Select minimum and maximum threshold values for the indicies to determine urban pixels.
Show the urbanization prediction images.
Load and show the “ground truth” data (GHS) for the year 2014.
Compare the urbanization predictions with the “ground truth” data visually and statistically.
The choice of threshold values can be informed by the histograms and comparing the urbanization prediction images with the “ground truth” urbanization data.
Getting started¶
To run this analysis, run all the cells in the notebook, starting with the “Load packages” cell.
Load packages¶
Import Python packages that are used for the analysis.
[1]:
%matplotlib inline
import datacube
import matplotlib.pyplot as plt
plt.rcParams.update({'font.size': 14})
import numpy as np
import xarray as xr
from collections import namedtuple
from datacube.utils.geometry import assign_crs
from skimage.morphology import remove_small_objects
from skimage.morphology import remove_small_holes
from matplotlib.patches import Patch
from odc.algo import xr_reproject
from deafrica_tools.plotting import display_map, rgb
from deafrica_tools.bandindices import calculate_indices
/env/lib/python3.8/site-packages/geopandas/_compat.py:106: UserWarning: The Shapely GEOS version (3.8.0-CAPI-1.13.1 ) is incompatible with the GEOS version PyGEOS was compiled with (3.9.1-CAPI-1.14.2).
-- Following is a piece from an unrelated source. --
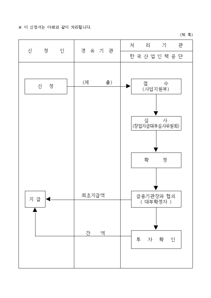 9,000원/월신청인, 대부자격, 대부신청사항으로 되어 있는 창업자금대부신청서입니다.

Conversions between both will be slow.
warnings.warn(
Set up a Dask cluster¶
Dask can be used to better manage memory use and conduct the analysis in parallel. For an introduction to using Dask with Digital Earth Africa, see the Dask notebook.
Note: We recommend opening the Dask processing window to view the different computations that are being executed; to do this, see the Dask dashboard in DE Africa section of the Dask notebook.
To use Dask, set up the local computing cluster using the cell below.
Connect to the datacube¶
Activate the datacube database, which provides functionality for loading and displaying stored Earth observation data.
[2]:
dc = datacube.Datacube(app="Urbanization_GHS_Comparison")
Analysis parameters¶
The following cell sets important parameters for the analysis. The parameters are:
lat
: The central latitude to analyse (e.g.10.338
).lon
: The central longitude to analyse (e.g.-1.055
).lat_buffer
: The number of degrees to load around the central latitude.lon_buffer
: The number of degrees to load around the central longitude.time_range
: The time range to analyze - in YYYY-MM-DD format (e.g.('2016-01-01', '2016-12-31')
).
If running the notebook for the first time, keep the default settings below. The default area is Dakar, Senegal.
Select location¶
[3]:
# Define the area of interest
lat = 14.72
lon = -17.355
lat_buffer = 0.15
lon_buffer = 0.2
time_range = ("2017")
# Combine central lat,lon with buffer to get area of interest
lat_range = (lat - lat_buffer, lat + lat_buffer)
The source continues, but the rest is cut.